Launcher

You've reached the end of the results

This year I’ve quit my 9 to 5 job in pursuit of building a career as a freelance analytics engineer… which turned out to be easier said than done.

Yes, there are more work opportunities now than ever, but one has to consider that 4 years ago you had to only compete with other developers when applying for gigs.

But today, in the age of 💩GPT, you also have to stand out from hundreds of applications coming in from AI platforms that promise to 10x your number of clients in just a month.

Why I did the DAG Authoring Certification Exam

Needing to differentiate myself from the mass of chatbots and 10x vibe coders I discovered 1 thing they have in common. Both vibe coders and LLMs suck at certification exams.

A good certification exam puts you in front of a real problem, testing not only your knowledge of the tool, but your critical thinking as well.

And to the question of which certification exams to take on first: the best certificates are the ones you get for free.

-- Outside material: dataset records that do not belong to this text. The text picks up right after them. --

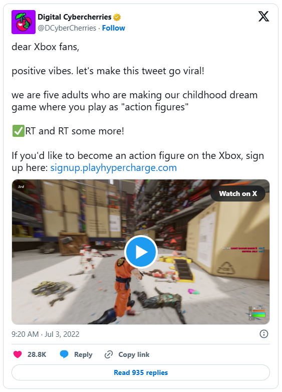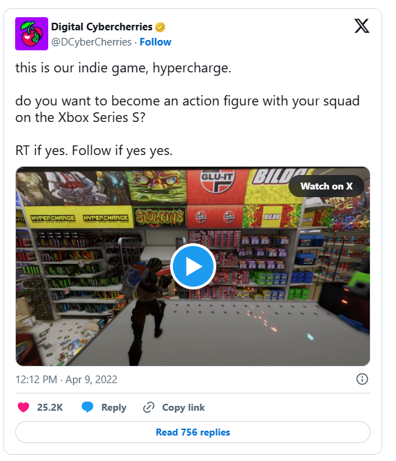 As I mentioned, Hypercharge was released on Switch and PC, but Joe had a hunch it would do well on XBOX too. So in April 2022, he saw Xbox Series S was trending. So he jumped on it and send this twitter
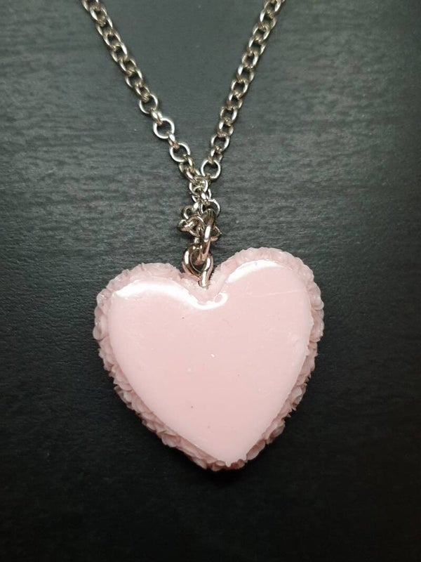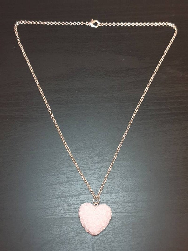Collier fantaisie "Cœur fleurs" rose clair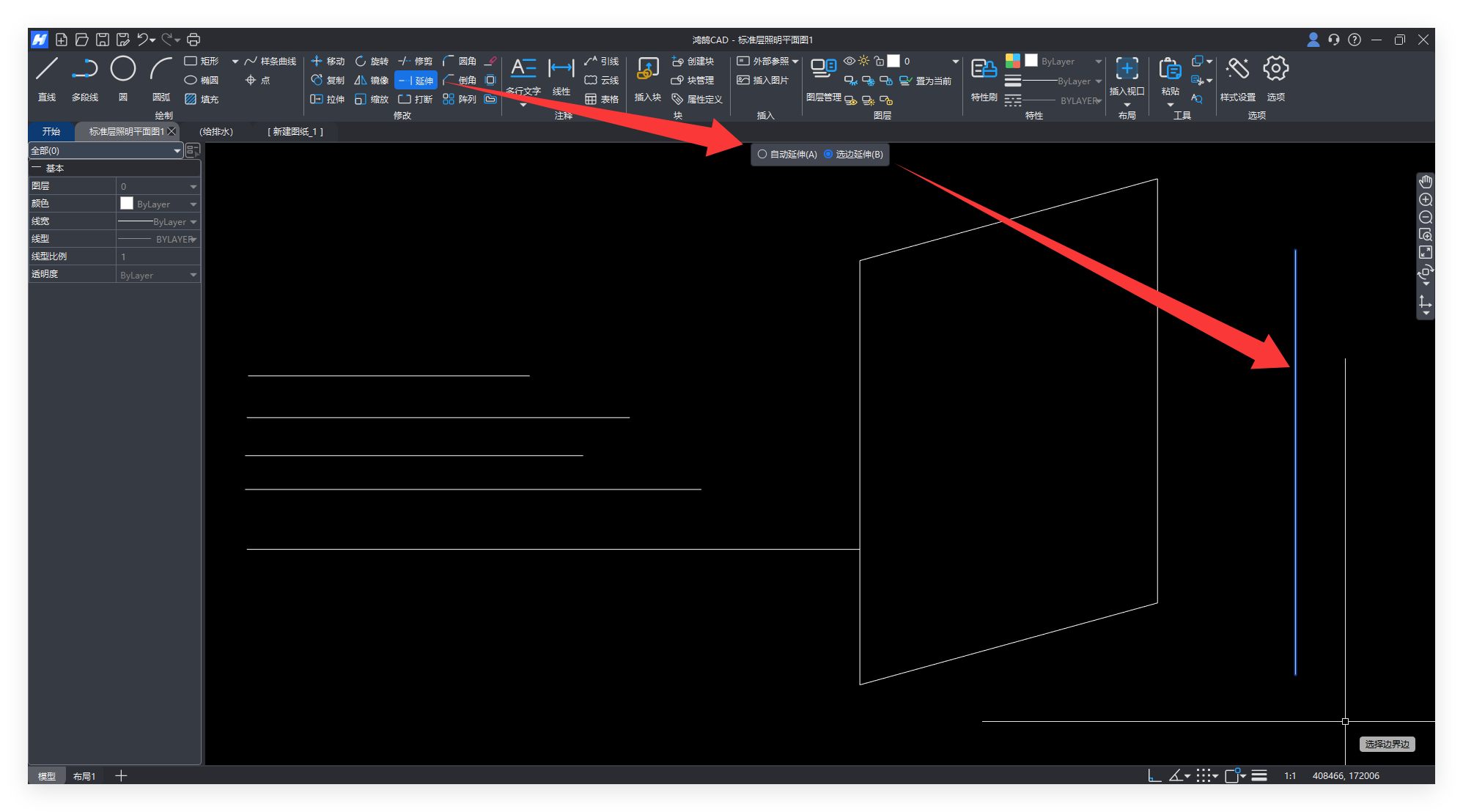 就用鸿鹄CAD左上角的【延伸】,勾选“选边延伸”,选中右边竖线作为延伸边界线,回车确认。

It just so happened that Astronomer was giving out free shots at the new Airflow 3.0 DAG authoring certificate as a reward for participating in their annual user survey…

Post Summary;

Here are the topics I’ll talk about in this post:

  1. What you’ll learn in the DAG Authoring Certificate Even though I’ve been working with the tool intensively for 4+ years, there were some things I had no idea about, in this section, I’ll list a few I found most interesting.

  2. Sample exam questions. Just like any good college buddy, I made sure to write down all the questions that were confusing or hard for me, so you know what to prepare for.

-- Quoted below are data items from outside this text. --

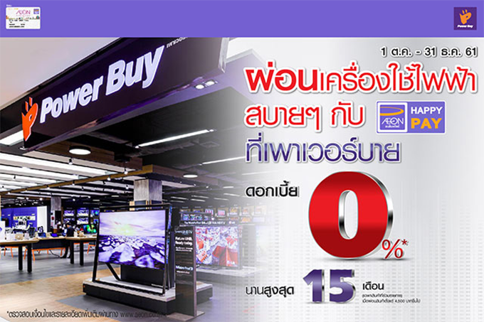 ผ่อนเครื่องใช้ไฟฟ้าสบายๆ กับ AEON Happy Pay ที่ เพาเวอร์บาย พร้อมดอกเบี้ย 0% นานสูงสุด 15 เดือน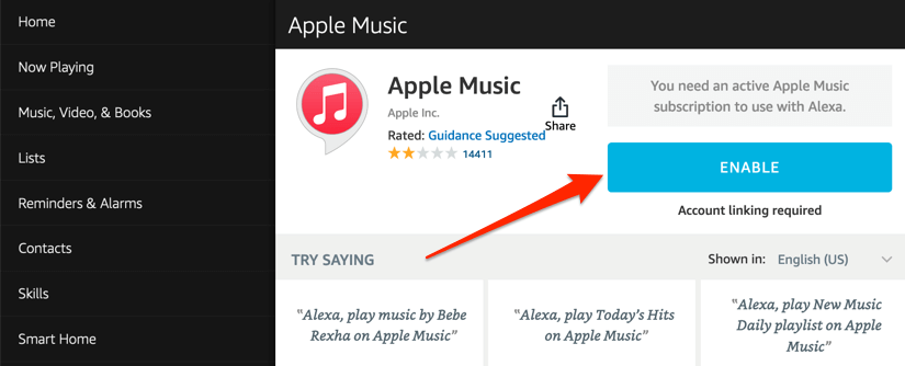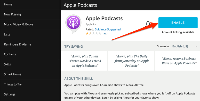 - RubinettoAbilita all'usoper aggiungere podcast Apple ad Alexa.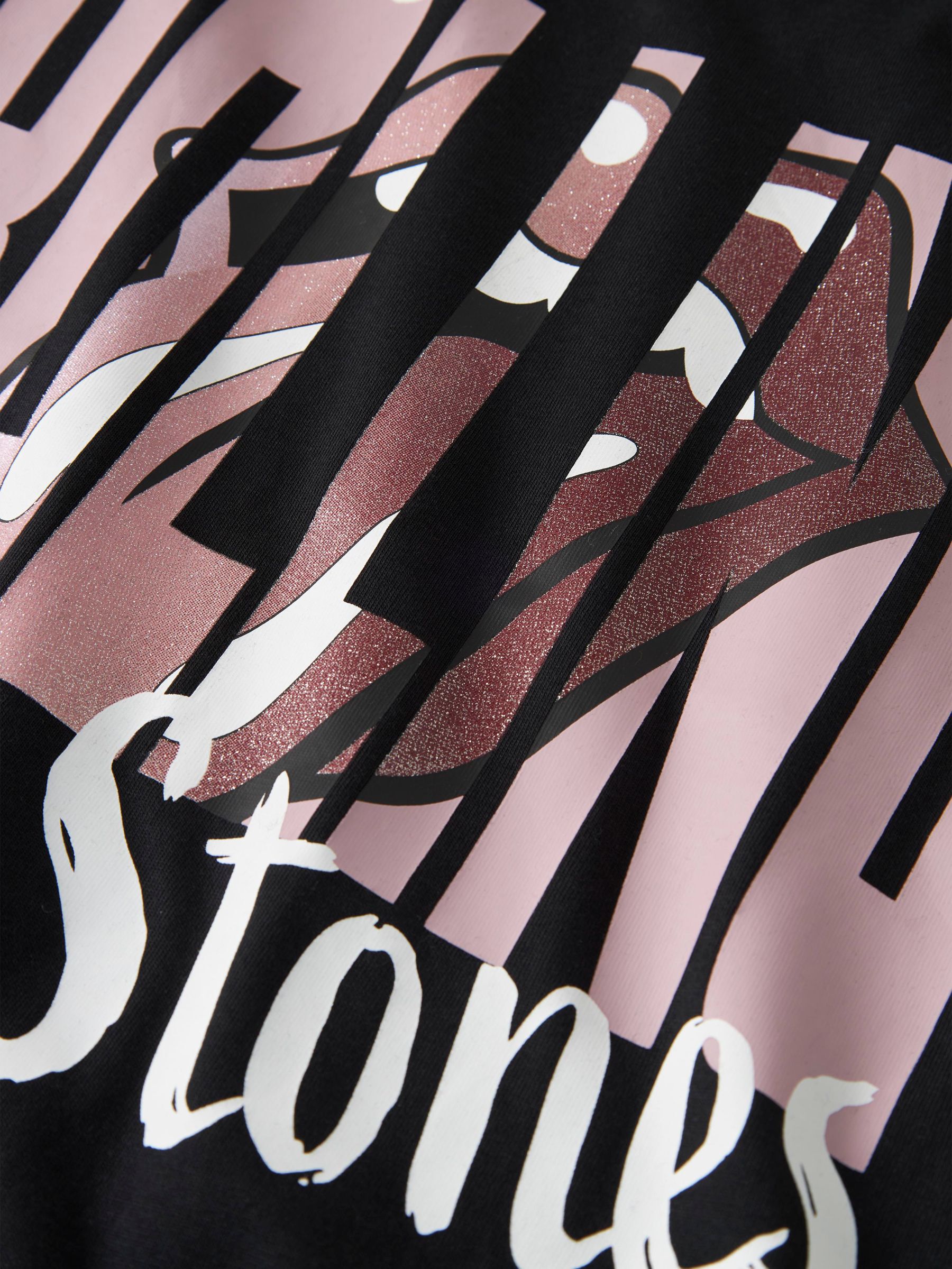 - Tipo di prodotto: Top - Stampa: Stampa glitterata per un look scintillante e fresco - Stampa: Stampa in gomma per una sensazione di morbidezza - Collo: Scollo rotondo - Manica: Maniche corte - Tessuto: Jersey - Vestibilità: Regular Fit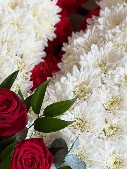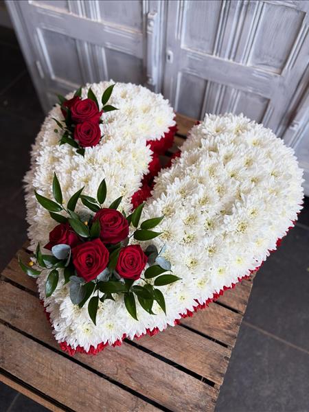 A beautiful 18 inch broken heart funeral tribute created with pure white chrysanthemums and finished with clusters of classic red roses and foliage. This elegant floral design is lovingly prepared by Amora to convey heartfelt sympathy and lasting love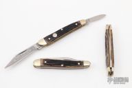 This set is 3 Model 240 GBC 2-Blade Slipjoints by Boker. Mirror polished blades, nickel silver bolsters, jigged bone covers, brass liners, stainless steel spring. Comes with boxes and papers. Excellent condition.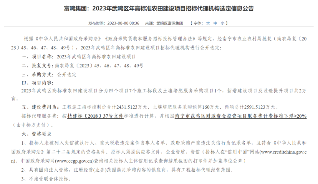 富鸣集团:2023年武鸣区年高标准农田建设项目招标代理机构选定信息公告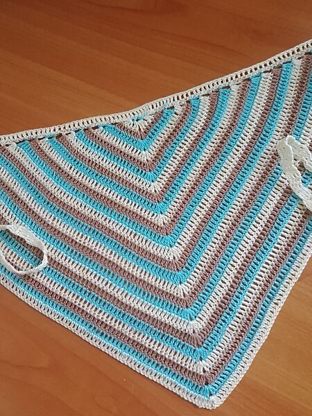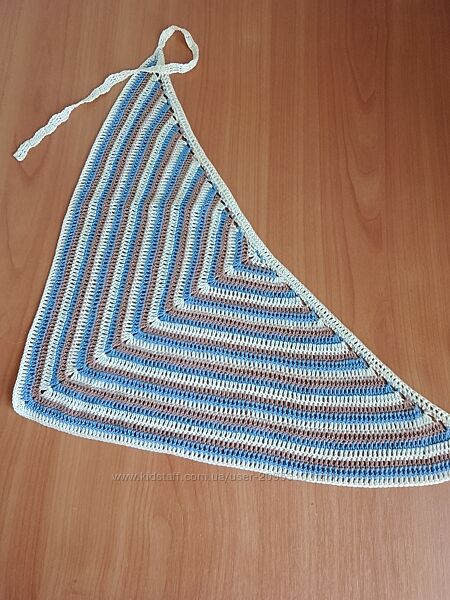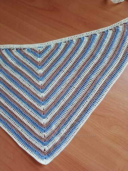 Пропоную чудову в’язану косинку ручної роботи - стильний і практичний аксесуар для літньої пори року! Косинка трикутної форми, виготовлена з м’якої якісної пряжі. Яскравий смугастий візерунок у поєднанні декількох кольорів додає образу свіжості та індивідуальності.✅ Розмір: будь-який

  3. Study guide. Where to start? What topics to check out? In this section I’m going give you a 3 step study plan that leads to success.

What can you learn in the Airflow DAG Authoring Certificate

Some of these are new to Airflow 3.0, some of these I just never had a chance to use. But here are some cool things you’ll learn while doing the Airflow DAG Authoring Certificate.

DAG Versioning

If you’ve ever worked with Airlfow in production environments, you may know how big of a pain can DAG versioning used to be.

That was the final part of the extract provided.